Ritesh Batra’s “Photograph” is based on the present but yearns for the past. In the age of mobile phones, social media and fast-paced romances, Batra’s film harks back to Bollywood of the 70s, quaint romances and a Mumbai that is still stuck in time.
The problem with “Photograph” is that while the look might be retro, the events in the film are not, and the two elements when put together seem incongruous.
Miloni (Sanya Malhotra) is a meek student who doesn’t seem to have much going on in her life other than her Chartered Accountant exams. Her middle-class Gujarati parents cannot fathom that their daughter would want to do anything but study and marry a man of their choice. Ditto for Miloni.

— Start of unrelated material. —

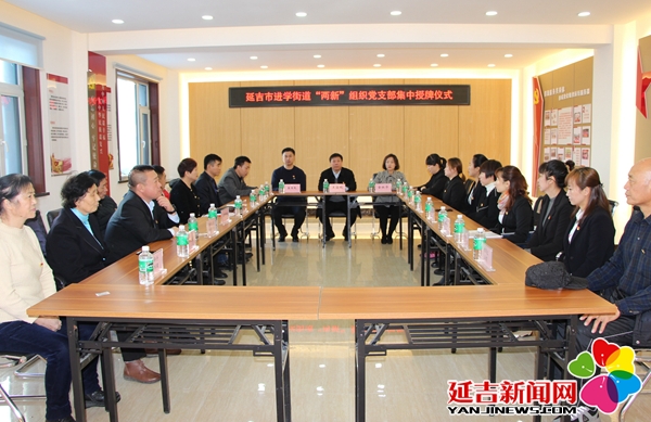 为了加强进学街道“两新”组织党支部标准化规范化建设,不断提升街区“两新”党建工作水平,进学街道党工委于12月2日上午在社会组织党建服务中心举行了“两新”组织党支部集中授牌仪式。街道党工委书记王海鹏,党工委副书记、政法委员全红华,市委组织部组织四科科长崔传民以及有关社区副书记、新成立“两新”组织党支部负责人共19人参加仪式。

A chance meeting with Rafiq (Nawazuddin Siddiqui), who makes a living by taking pictures of tourists, gives Miloni an escape from her dreary world. Rafi himself is looking to find a way to stop his grandmother from nagging him about finding a wife. He sends Miloni’s photograph to the old lady and says he’s in love with her. Miloni, looking for some adventure herself, agrees to keep up the charade, meeting his grandmother, humouring her, and finding herself inexplicably drawn to Rafiq.
But Batra’s world, full of coy glances, long taxi drives and clandestine movie dates at an old theatre, sweeps the realities of class differences under the carpet. Miloni, used to being waited on hand and foot at home (right down to a glass of milk served by a maid), seems blind to her privilege and Rafiq’s poverty, almost romanticizing it.
She dreams of living in a village, working in the fields and sleeping under a tree. She confesses her fantasy to her maid (Geetanjali Kulkarni), who is her one connection with the world that Rafi inhabits.
To her credit, Sanya Malhotra puts in a solid performance, pulling off the role of a shy, conservative student who wants to break free with aplomb. Siddiqui is not as accomplished, thanks to a stilted role that never quite gets hold of what Rafiq wants.
Unlike his earlier film “Lunchbox” (also about an unlikely romance), which became a surprise hit at the box office, Batra’s latest offering doesn’t quite hit the sweet spot.